What you write must match, character for character, the lines from the one with "Ten elegancki i" down to the one with "Brida de nylon" in the listing below, minus its pictures.

**Data shown**
══════════════════════════════

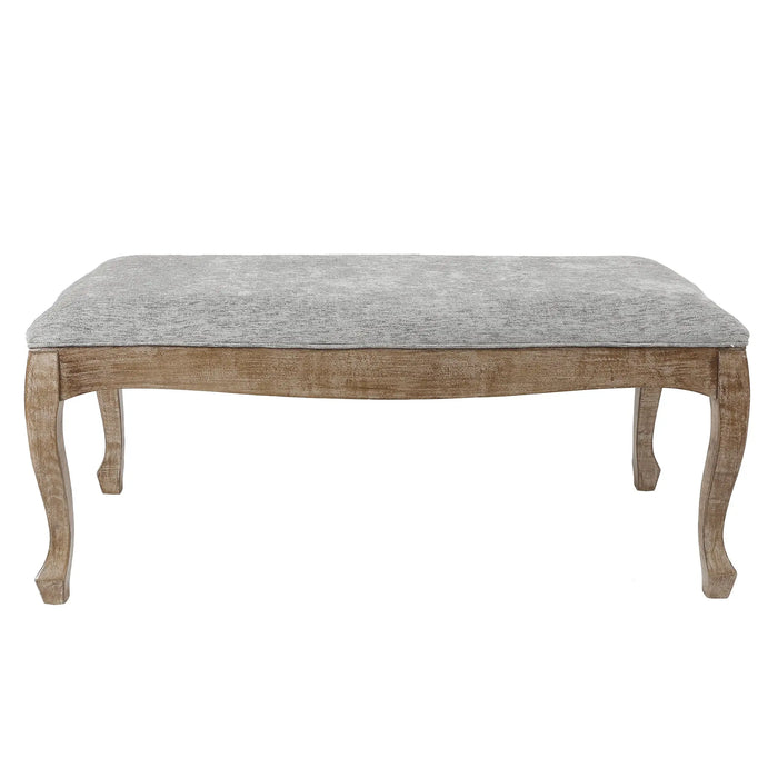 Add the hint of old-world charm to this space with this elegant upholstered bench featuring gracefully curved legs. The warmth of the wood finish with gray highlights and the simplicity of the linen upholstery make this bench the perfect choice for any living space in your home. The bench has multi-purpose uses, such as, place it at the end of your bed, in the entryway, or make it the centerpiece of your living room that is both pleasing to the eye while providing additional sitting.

══════════════════════════════

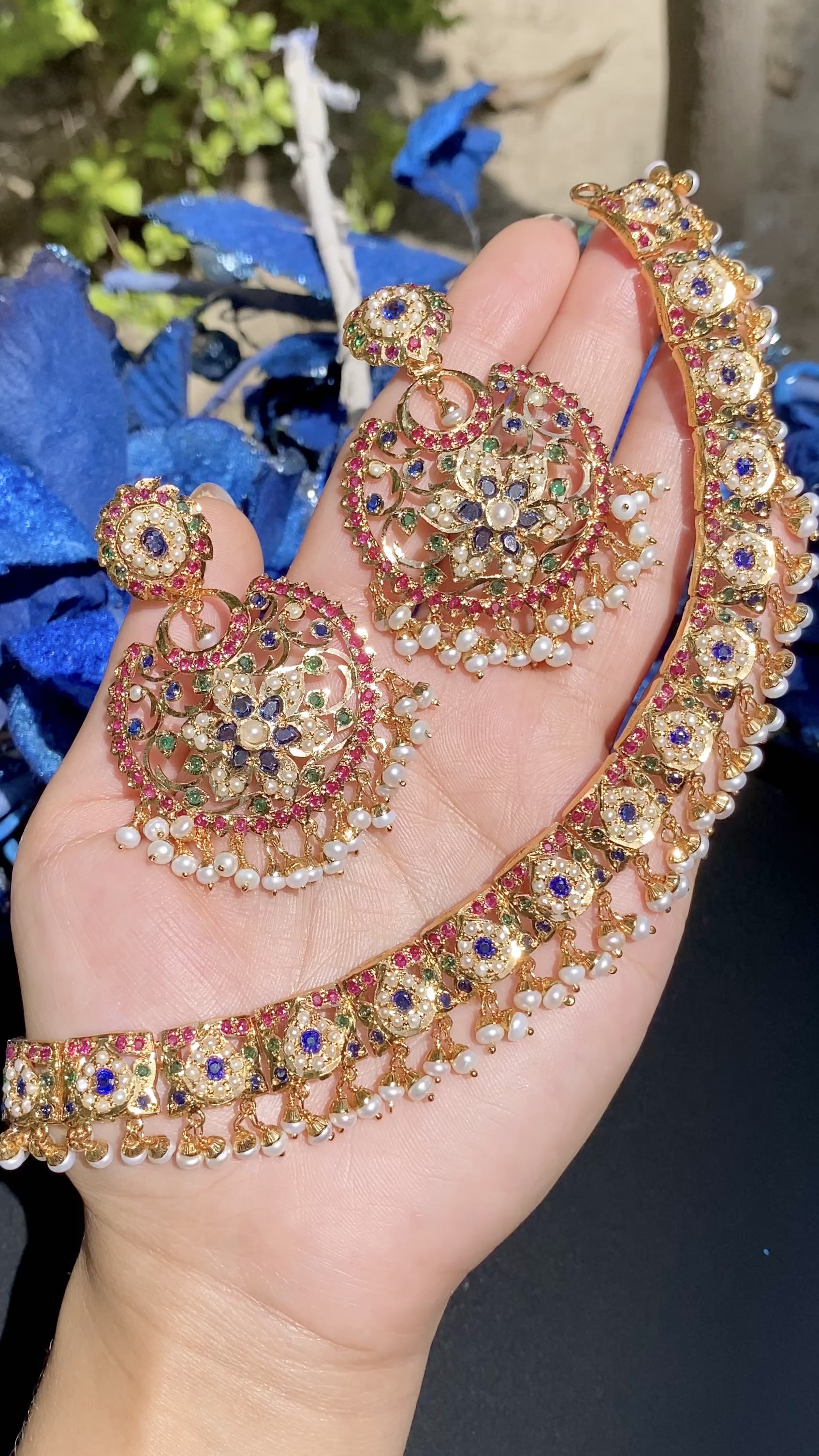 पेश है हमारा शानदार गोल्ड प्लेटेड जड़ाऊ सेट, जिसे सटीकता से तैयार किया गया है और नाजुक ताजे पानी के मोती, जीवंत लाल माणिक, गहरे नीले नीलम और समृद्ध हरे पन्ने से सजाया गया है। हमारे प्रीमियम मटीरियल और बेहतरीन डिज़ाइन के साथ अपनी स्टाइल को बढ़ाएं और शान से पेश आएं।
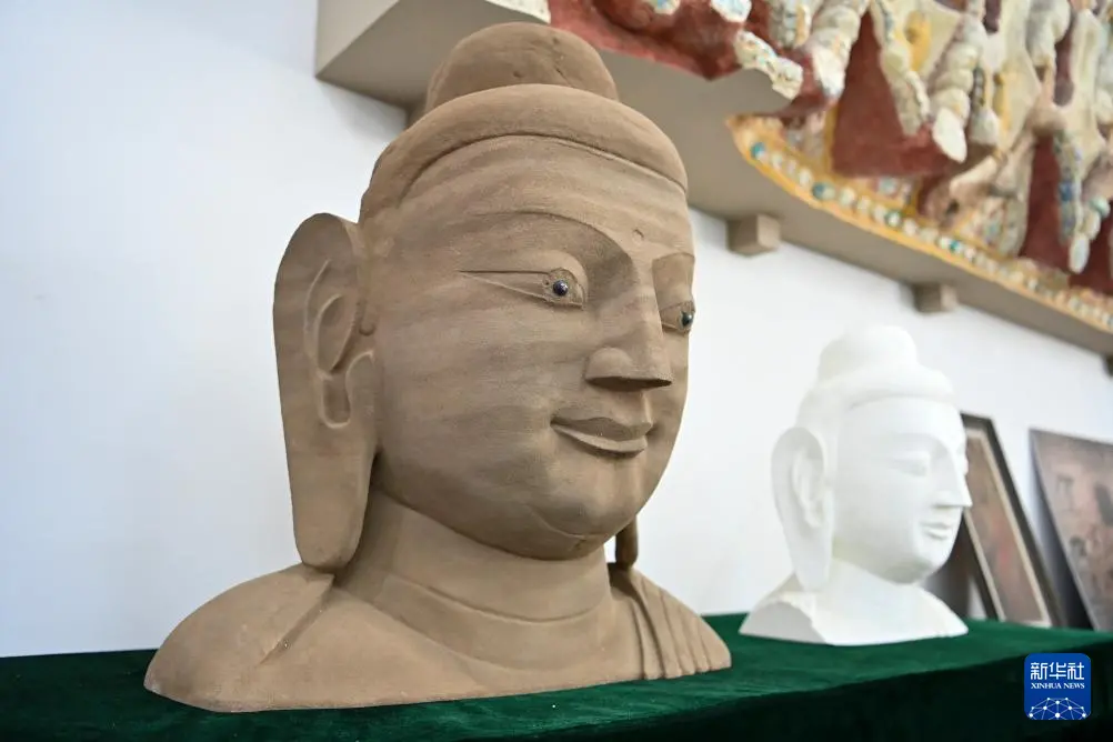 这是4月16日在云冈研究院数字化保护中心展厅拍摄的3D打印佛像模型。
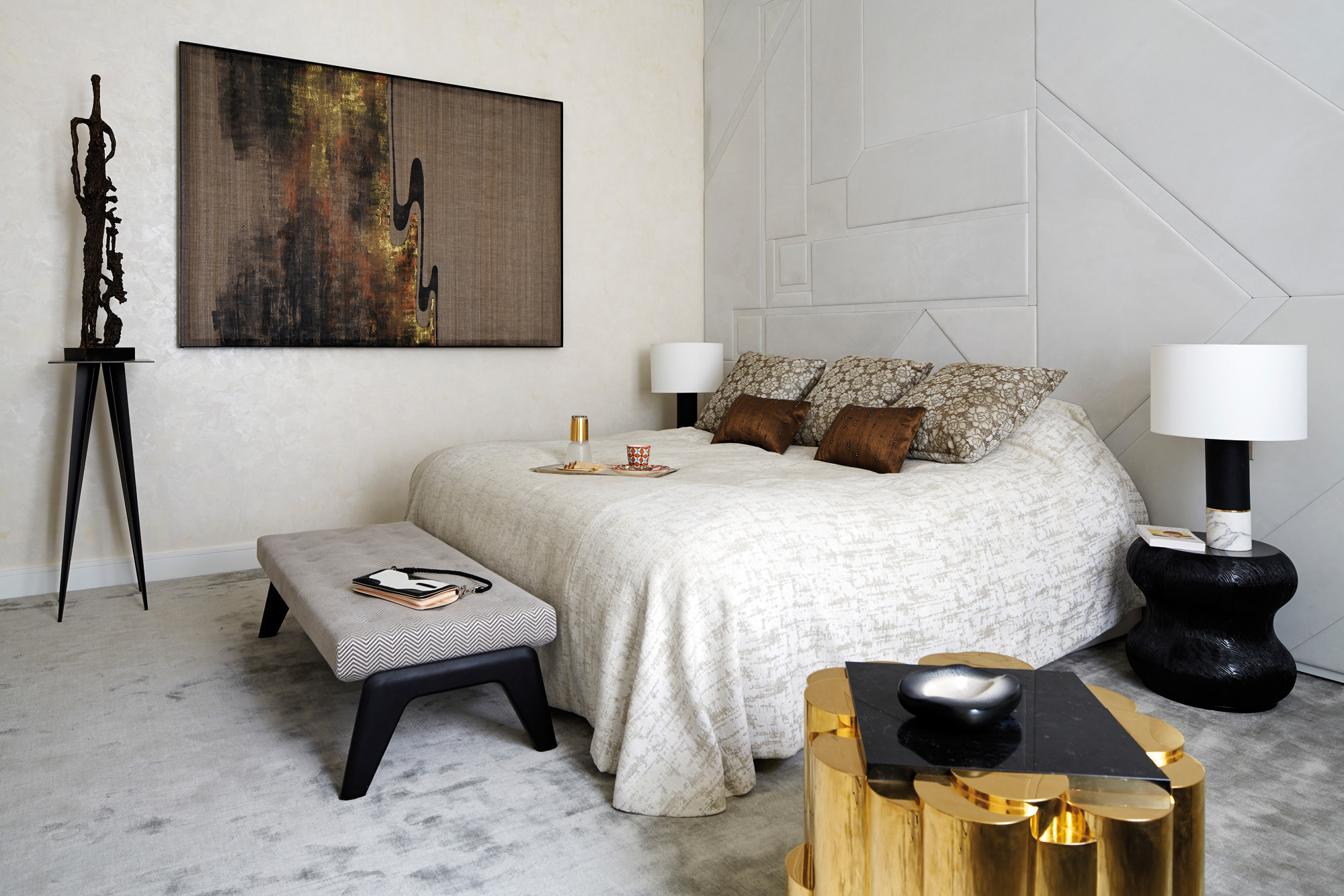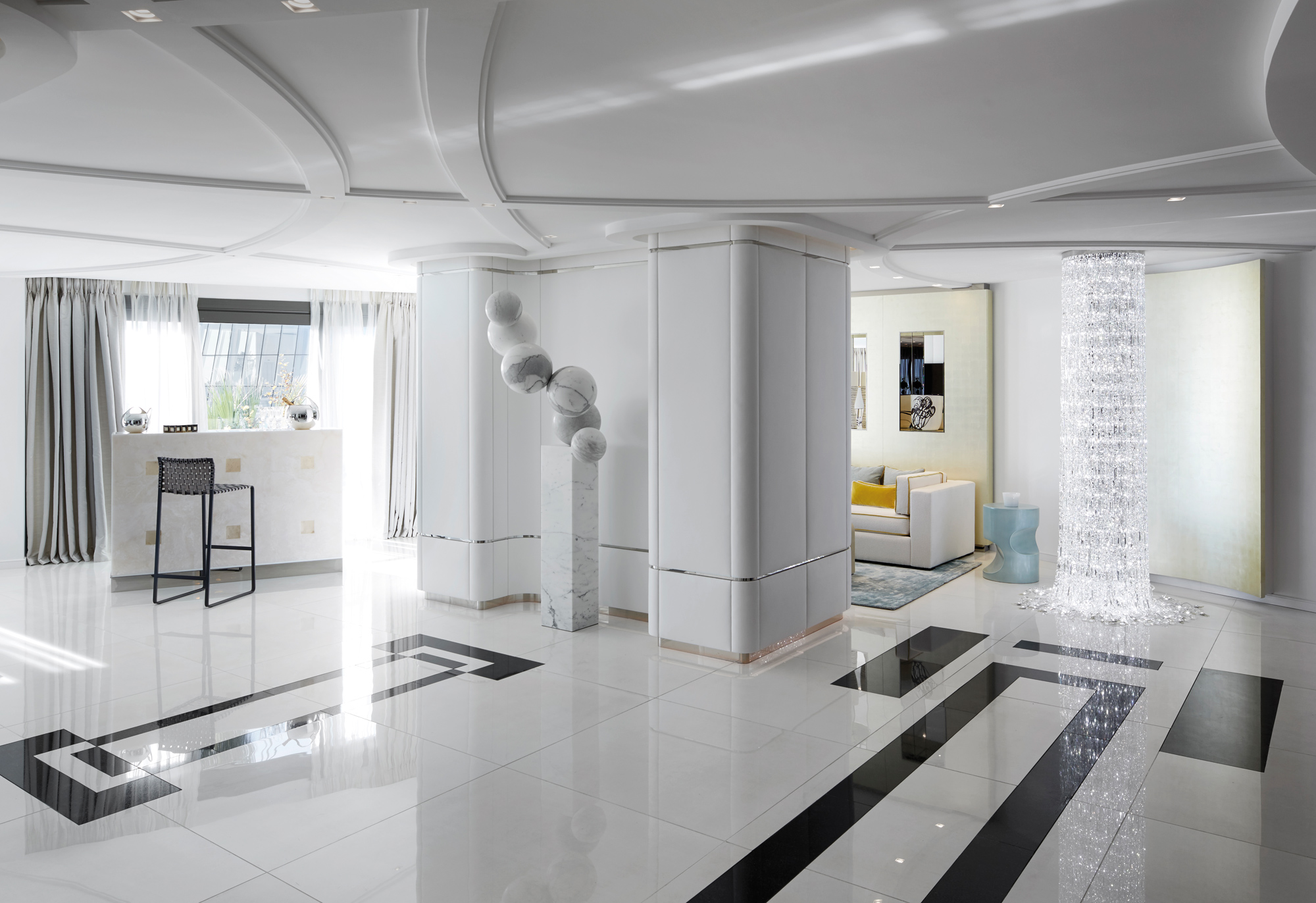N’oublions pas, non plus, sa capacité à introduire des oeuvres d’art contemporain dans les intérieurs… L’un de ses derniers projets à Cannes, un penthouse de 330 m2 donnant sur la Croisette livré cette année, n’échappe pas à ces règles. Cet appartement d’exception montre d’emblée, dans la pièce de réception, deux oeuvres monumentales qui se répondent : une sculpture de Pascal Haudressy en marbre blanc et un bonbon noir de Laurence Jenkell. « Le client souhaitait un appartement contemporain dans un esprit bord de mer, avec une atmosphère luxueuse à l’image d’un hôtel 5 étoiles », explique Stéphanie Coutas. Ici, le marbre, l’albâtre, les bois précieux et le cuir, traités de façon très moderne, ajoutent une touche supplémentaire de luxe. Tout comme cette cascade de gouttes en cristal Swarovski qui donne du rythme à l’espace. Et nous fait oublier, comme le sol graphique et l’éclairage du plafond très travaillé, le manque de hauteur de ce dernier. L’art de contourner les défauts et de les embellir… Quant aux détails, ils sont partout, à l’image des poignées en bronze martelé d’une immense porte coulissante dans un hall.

══════════════════════════════

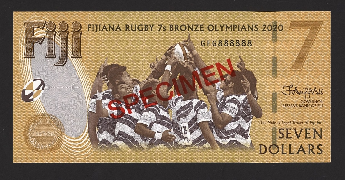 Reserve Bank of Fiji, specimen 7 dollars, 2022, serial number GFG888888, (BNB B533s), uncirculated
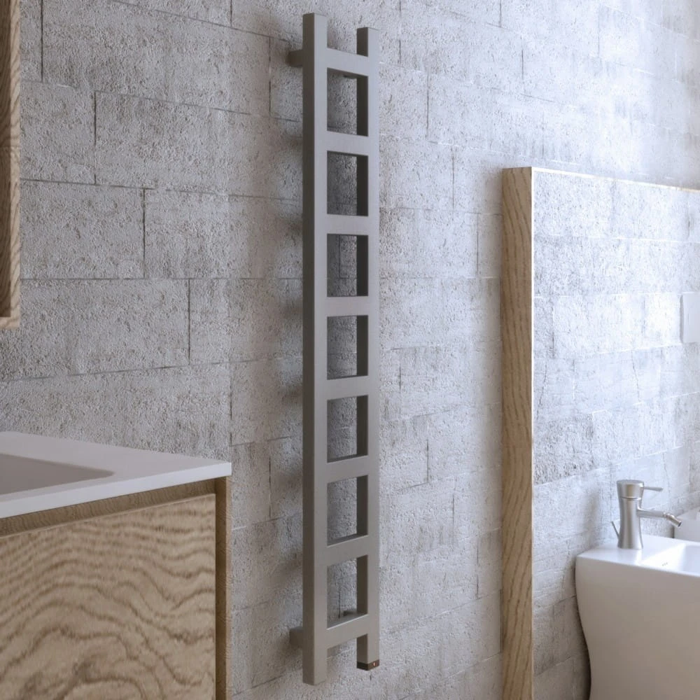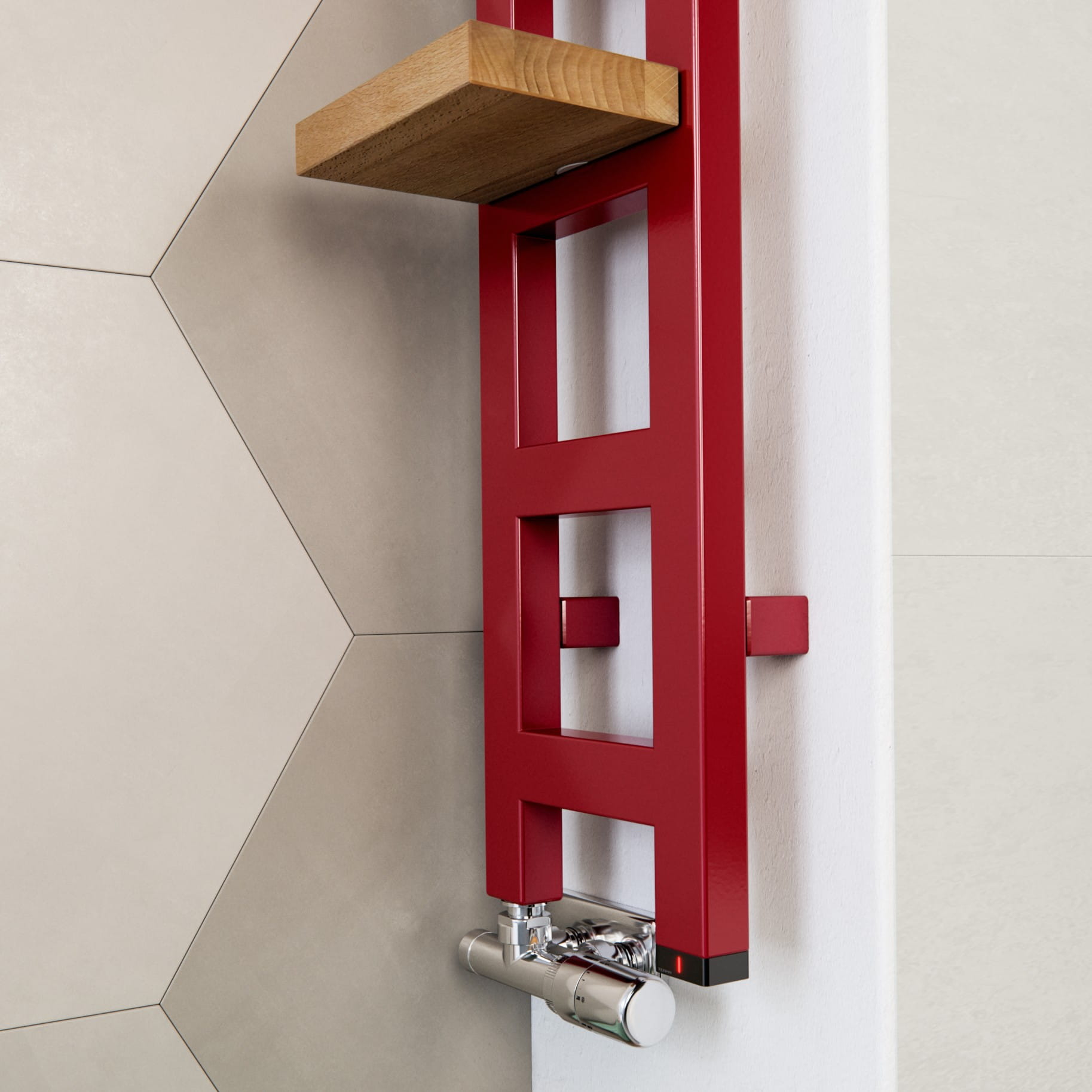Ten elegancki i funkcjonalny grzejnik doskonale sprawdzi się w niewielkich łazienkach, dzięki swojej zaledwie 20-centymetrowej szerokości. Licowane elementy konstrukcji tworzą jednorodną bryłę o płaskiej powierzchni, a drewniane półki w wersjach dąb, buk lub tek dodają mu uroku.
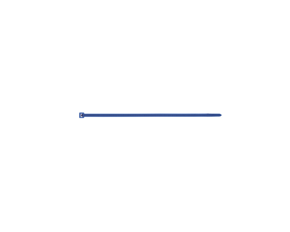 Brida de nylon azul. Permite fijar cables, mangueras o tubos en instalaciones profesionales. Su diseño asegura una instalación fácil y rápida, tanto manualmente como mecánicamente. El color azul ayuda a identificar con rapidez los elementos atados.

══════════════════════════════

**Exercise output**
Ten elegancki i funkcjonalny grzejnik doskonale sprawdzi się w niewielkich łazienkach, dzięki swojej zaledwie 20-centymetrowej szerokości. Licowane elementy konstrukcji tworzą jednorodną bryłę o płaskiej powierzchni, a drewniane półki w wersjach dąb, buk lub tek dodają mu uroku.
 Brida de nylon azul. Permite fijar cables, mangueras o tubos en instalaciones profesionales. Su diseño asegura una instalación fácil y rápida, tanto manualmente como mecánicamente. El color azul ayuda a identificar con rapidez los elementos atados.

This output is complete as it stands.